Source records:
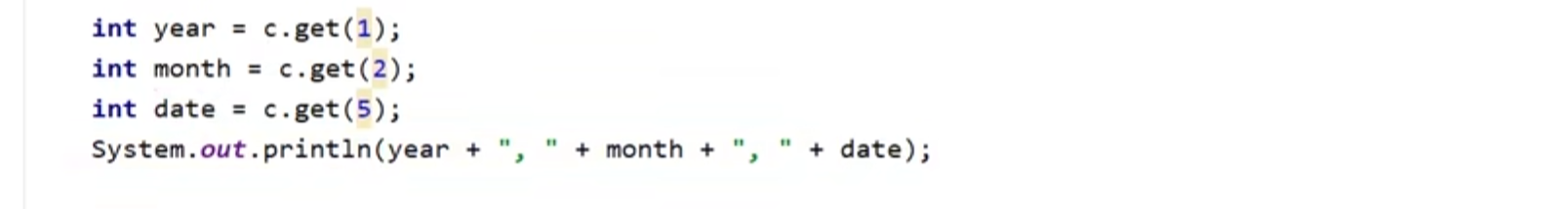 3.在调用get方法时,日历对象的信息会储存在一个数组中,
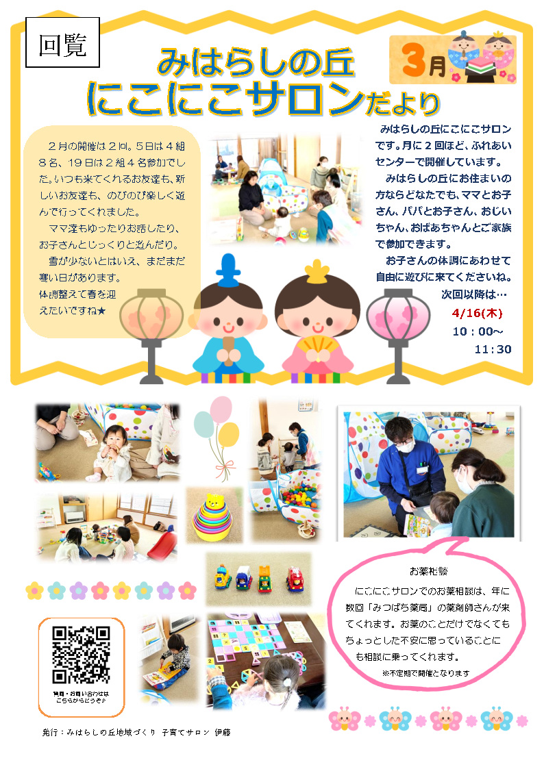 みはらしの丘にこにこサロンだより 2月号 2026年2月1日 edit_00 サロンだより2月号です。今が一番寒い時期ですが、多くの方からお越しいただきました。室内は暖かいので遊びに来てくださいね。 子育てサロン
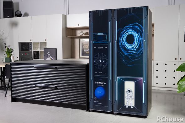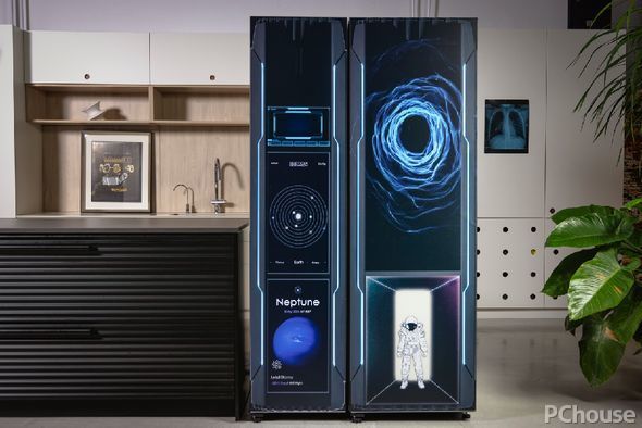 设计师在冰箱上模拟出一场奇幻的太空旅行。冰箱左上方“设置”了一处插卡口,作为身份认证识别;“识别成功”后,接下来就可以开始选择太阳系内行星目的地了,如今显示的目的地是太阳系中最遥远的行星——海王星。人们则可以通过冰箱右上方设计的虫洞,实现星际航行。特别的是,右下方保留了冰箱原本的白色玻璃面板,犹如科幻片中瞬时穿越的白光,搭配穿越虫洞通道而出的宇航员,每一次开启冰箱,仿佛都在经历了一次奇妙的宇宙航程。
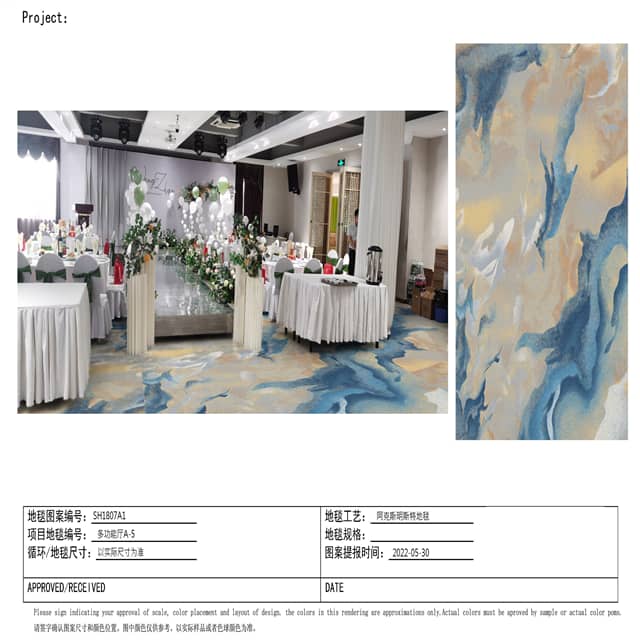 | Hình thức mua hàng: | Thảm dự án đặt hàng theo hoa văn và màu thiết kế khách hàng yêu cầu |
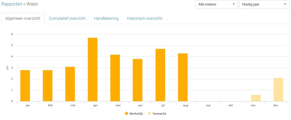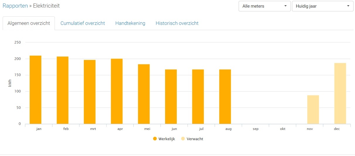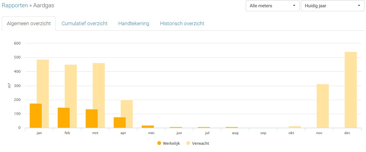 Ik hou het verbruik elke maand bij sinds ingebruikname woning in November 2015. In de grafiekjes zie je soms de 'verwachte' balken veel hoger staan, dit is omdat er nog niet voldoende meetpunten ingegeven zijn. De 'werkelijke' balken zijn correct.
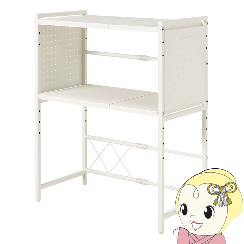 ■レンジラック 2段タイプ 伸縮 キッチン レンジ上 ラック レンジ上 収納 電子レンジ レンジ台 食器棚 炊飯器 トースター 耐水 可動棚 台所
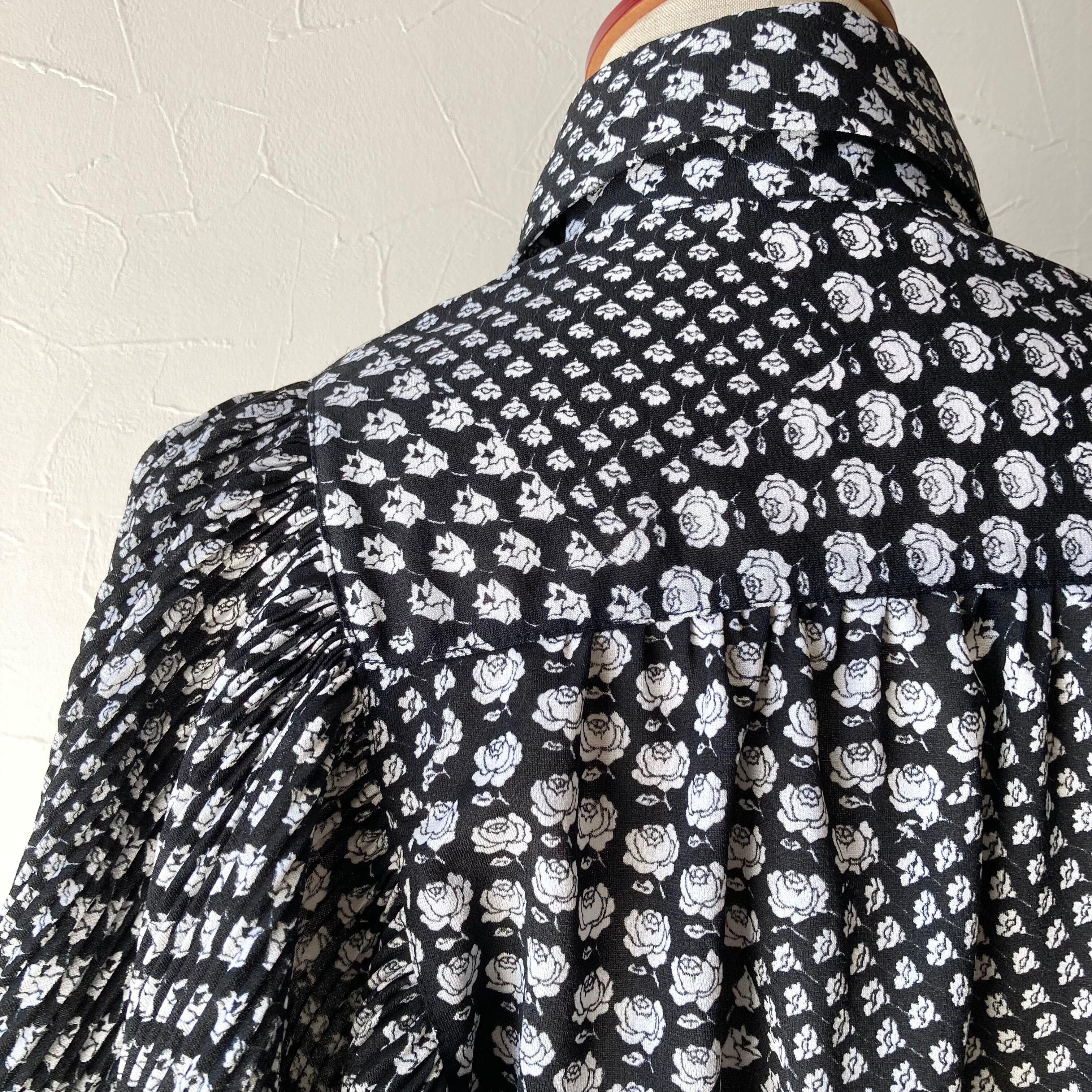 バタフライスリーブ薔薇柄ブラウス 昭和レトロ 古着 used vintage
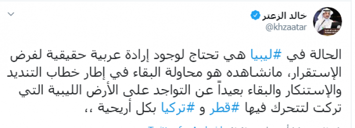 وكتب عبر تغريدة له على "تويتر" رصدها " المشهد العربي": "الحالة في ليبيا هي تحتاج لوجود إرادة عربية حقيقية لفرض الاستقرار، ما نشاهده هو محاولة البقاء في إطار خطاب التنديد والاستنكار والبقاء بعيداً عن التواجد على الأرض الليبية التي تركت لتتحرك فيها قطر وتركيا بكل أريحية".
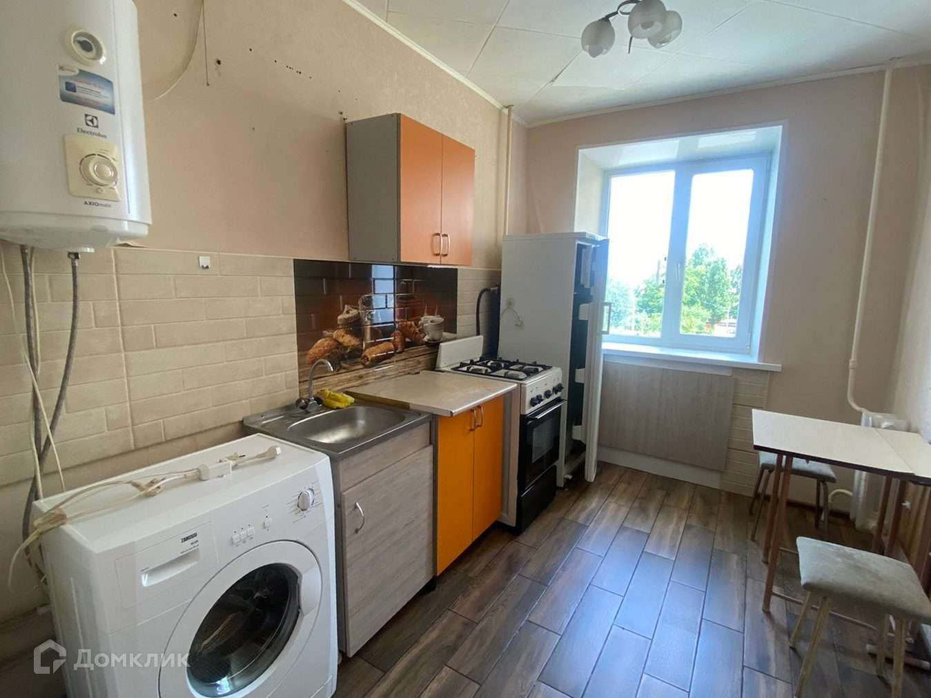 Ремонт выполнен от застройщика. В квартире на стенах поклеены обои, на потолке плиты, на полу постелен линолеум, в кухне ламинат и теплый пол. Лоджия остеклена, с видом на двор, совмещена с комнатой. На кухне установлена колонка. Сан.узел на полу плитка, на стенах кафель.
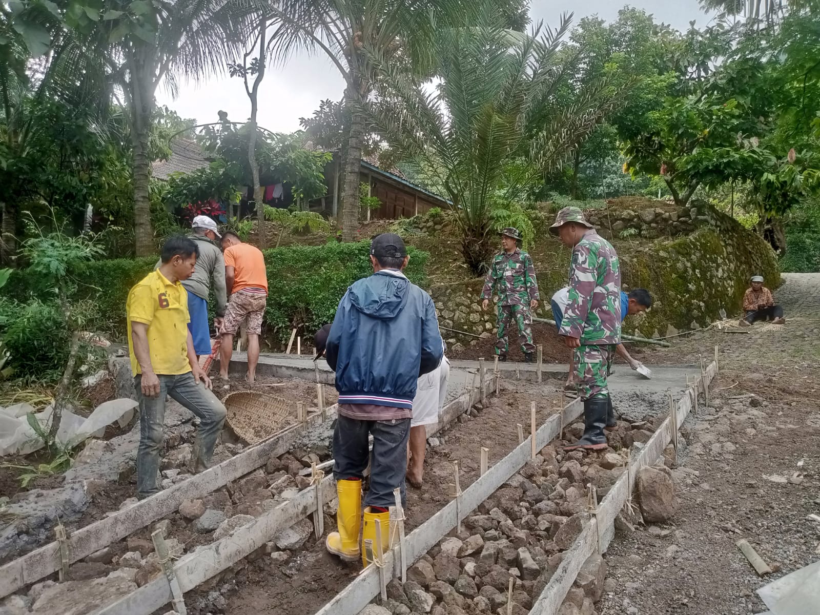 Terlihat semangat dan kekompakan antara anggota Koramil 22/Slogohimi dan warga, mereka bersama-sama bergotong royong dan saling bahu membahu dalam proses pembangunan rabat jalan yang dilaksanakan.
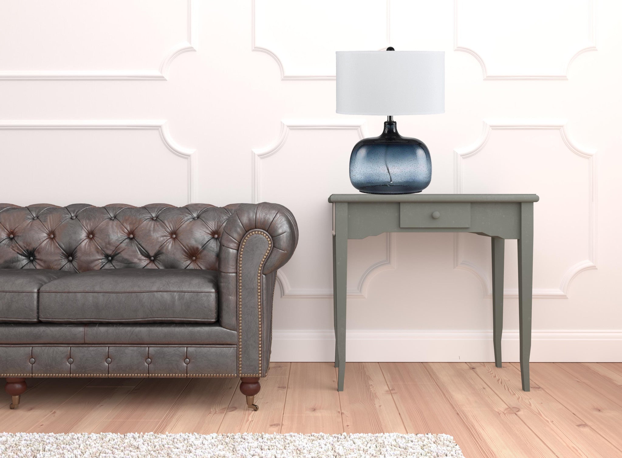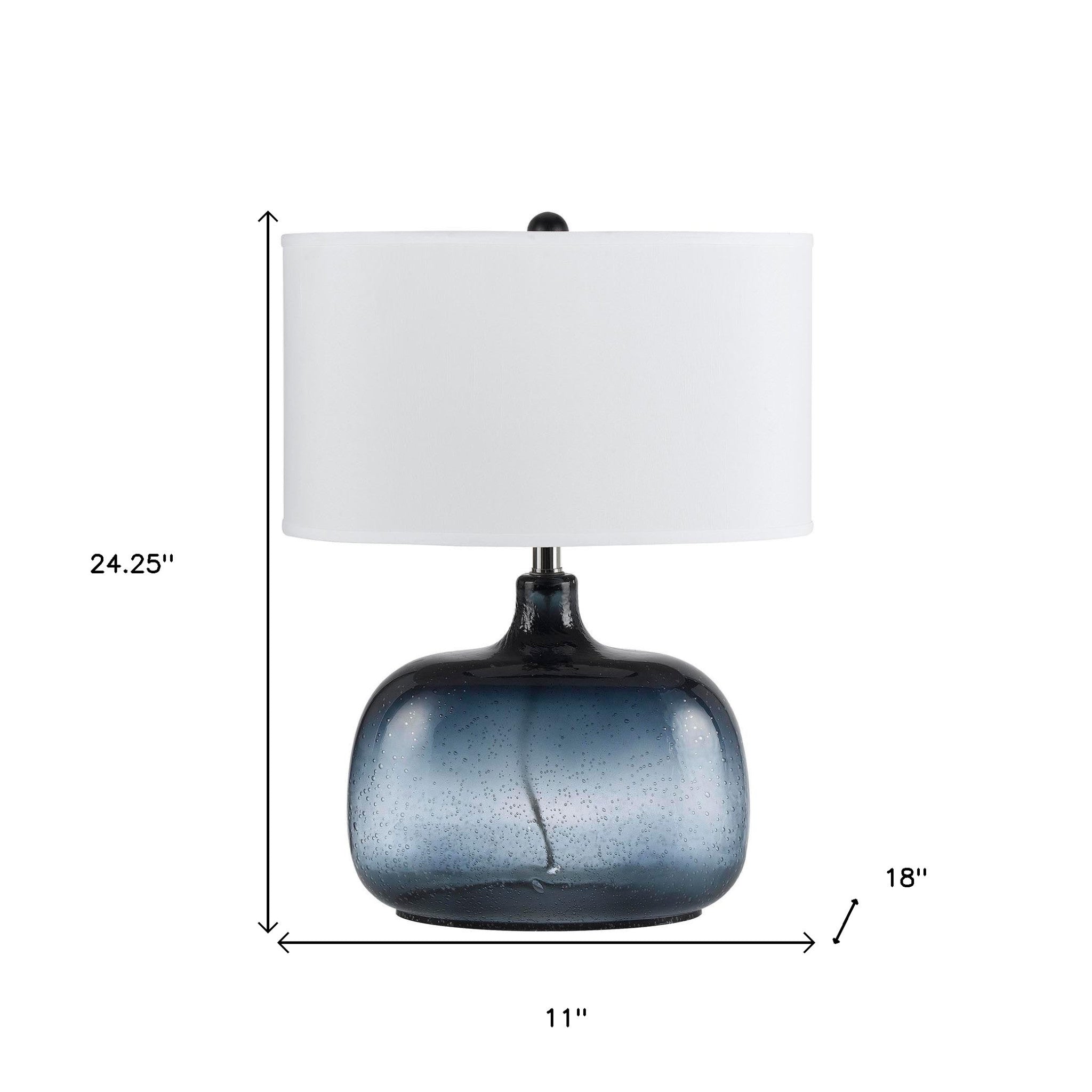 - Comes complete with a translucent blue seeded glass body and white fabric shade for a fresh, clean, and modern look.
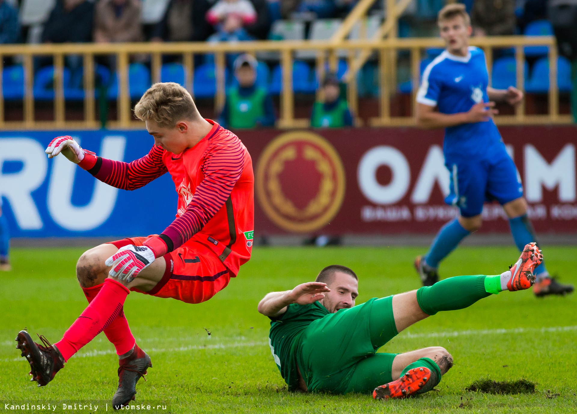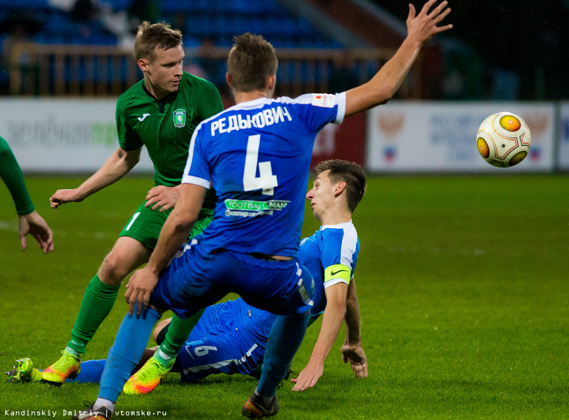 Футболисты томской команды открыли счет уже в начале матча. На шестой минуте, после удара со штрафного в исполнении Калинского, вратарь гостей выпустил мяч из рук и набежавший Кузьмичев отправил его в сетку.
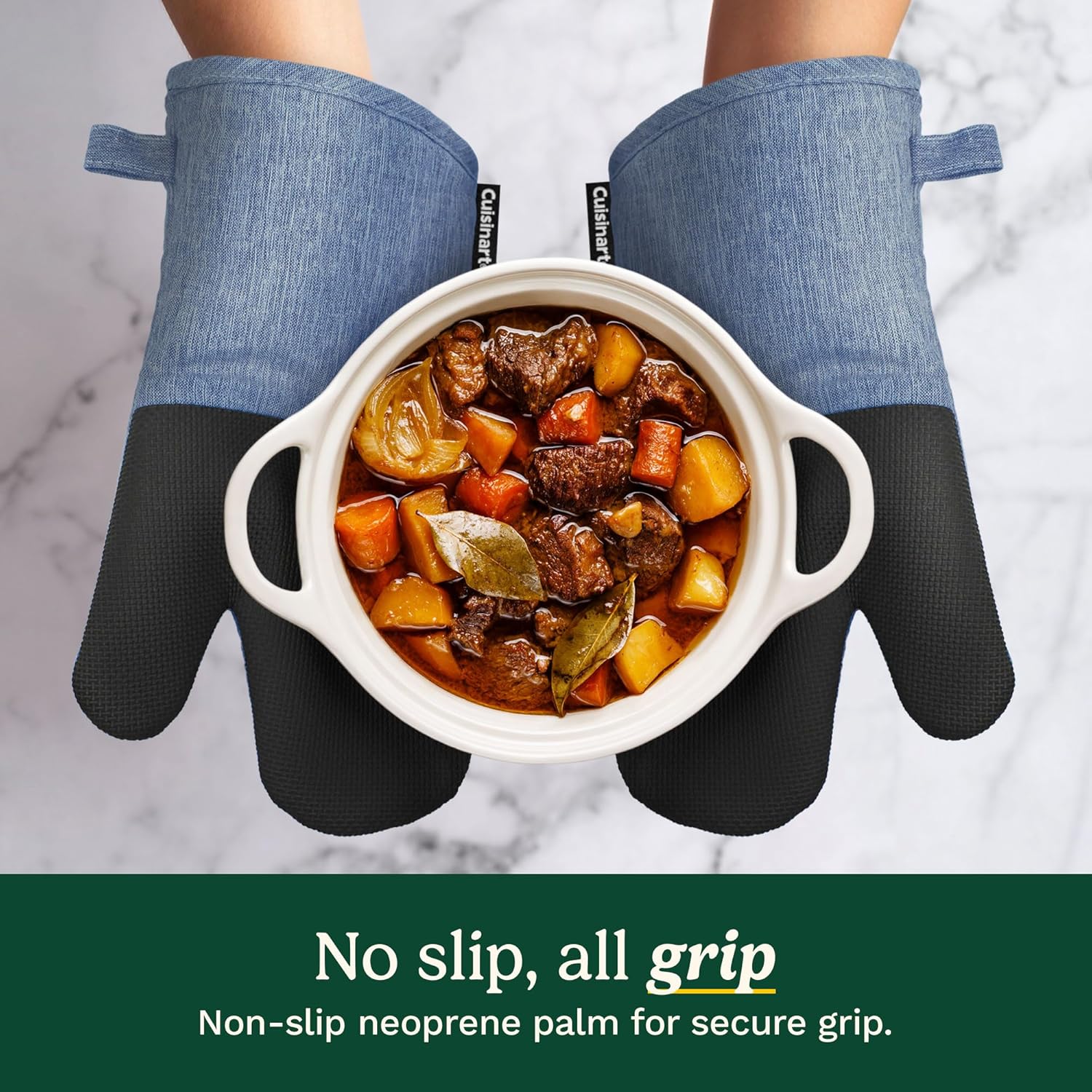 - COOK WITH CONFIDENCE: The Cuisinart Chambray Oven Mitt Set, measuring 7 x 13 inches, features a heat-resistant neoprene palm for superior protection (up to 350 degrees); handle hot cookware with ease and enjoy a secure grip with these oven mits, making cooking, baking, and grilling safer.

• [WORK TO COMPLETE]: The answer is the lines above, word for word, from the first one through the one containing "hàng yêu cầu |"; it includes no pictures.

• [TASK RESULT]:
 3.在调用get方法时,日历对象的信息会储存在一个数组中,
 みはらしの丘にこにこサロンだより 2月号 2026年2月1日 edit_00 サロンだより2月号です。今が一番寒い時期ですが、多くの方からお越しいただきました。室内は暖かいので遊びに来てくださいね。 子育てサロン
 设计师在冰箱上模拟出一场奇幻的太空旅行。冰箱左上方“设置”了一处插卡口,作为身份认证识别;“识别成功”后,接下来就可以开始选择太阳系内行星目的地了,如今显示的目的地是太阳系中最遥远的行星——海王星。人们则可以通过冰箱右上方设计的虫洞,实现星际航行。特别的是,右下方保留了冰箱原本的白色玻璃面板,犹如科幻片中瞬时穿越的白光,搭配穿越虫洞通道而出的宇航员,每一次开启冰箱,仿佛都在经历了一次奇妙的宇宙航程。
 | Hình thức mua hàng: | Thảm dự án đặt hàng theo hoa văn và màu thiết kế khách hàng yêu cầu |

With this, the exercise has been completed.